With a healthy grain industry, Ferguson took time to share a history of the market locally.
During the 1950s with the opening of the Great Lakes-St. Lawrence Seaway System, and the arrival of the United States’ Food for Peace Program, which exported surpluses to needy countries, Duluth-Superior began to seed its grain heyday. By 1960, it saw 4 million tons shipped annually, climbing to more than 10 million tons by the 1970s.
Then things changed. The catchment area shrunk. Ferguson compared it to a watershed for the way it gave boundary to the grains that flowed into the Twin Ports. What is now North and South Dakota, Montana, Wisconsin and Minnesota, had once been a larger area, stretching all the way to Colorado. But global competition for grains grew strong and started pulling products in different directions. Railroads began to send more and more grains to the West Coast for shipments to the Far East.

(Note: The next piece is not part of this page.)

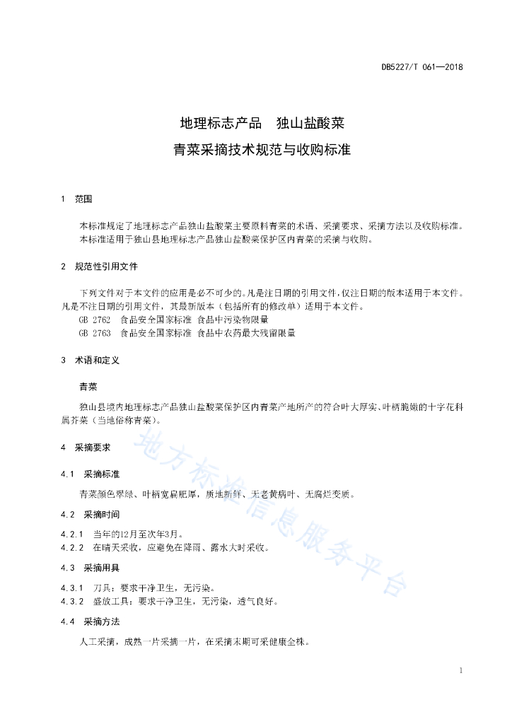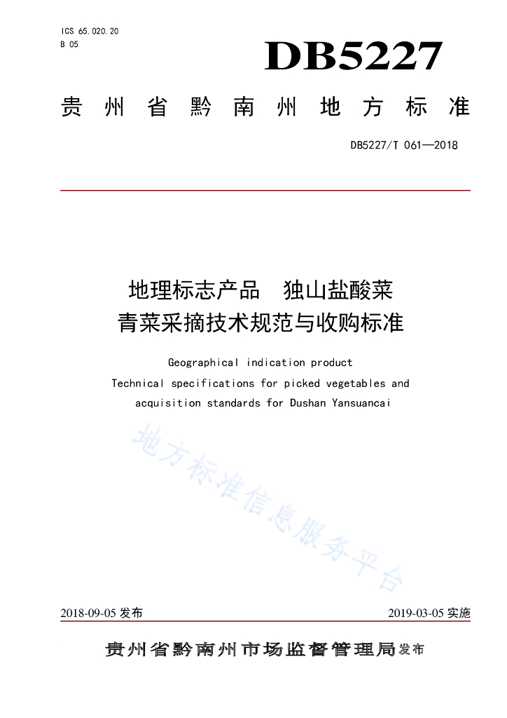 DB5227/T 061-2018 地理标志产品 独山盐酸菜青菜采摘技术规范与收购标准

Soybeans, which used to flow through the Twin Ports, now typically get on a train and move west. Duluth-Superior has been left to specialize in mostly durum wheat, canola, flax and sugar beet pulp pellets.
“The other bit of competition we have here in the port of Duluth-Superior is the Mississippi River,” Ferguson said. “We don’t really think about the Mississippi River often, but the Mississippi really provides another gateway for all the same grains that go through here to go the Gulf of Mexico to be put on vessels for shipment on the water.”
Big picture, Ferguson said tonnage slippage through the years in Duluth-Superior was a good thing for the agriculture industry.
“The best thing we can do for the ag market is to give them opportunities and gateways to ship their products at the least amount of cost,” she said.
One final note on local grain movement: The advent earlier this decade of Duluth Cargo Connect, the port’s synchronized marketing brand, and the construction and arrival in 2017 of the CN Intermodal Terminal on Rice’s Point has renewed Duluth’s involvement in specialty grains by moving them in containerized volumes.
The Lake St. Clair loads wheat at Ceres Global in Duluth Wednesday, July 22. (Jed Carlson / jcarlson@superiortelegram.com)
Soybeans with special traits used in making tofu and feed grains, which are lesser quality grains, move that way.
“Tofu is very white,” Ferguson said, “and you wouldn’t want a dark-colored soybean.”
So, the total tonnage of grains in Duluth-Superior may look as if it’s lagging against historical highs, or when compared to neighboring ports. But that’s not necessarily the case.
“I’ll make one more point about containers,” Ferguson said. “We’re best at serving markets in Europe and North Africa for the way the port pops out onto the Atlantic Ocean. But the great thing about containers is all of a sudden we get to play in the West Coast market — now that we have a containerized option on the table.”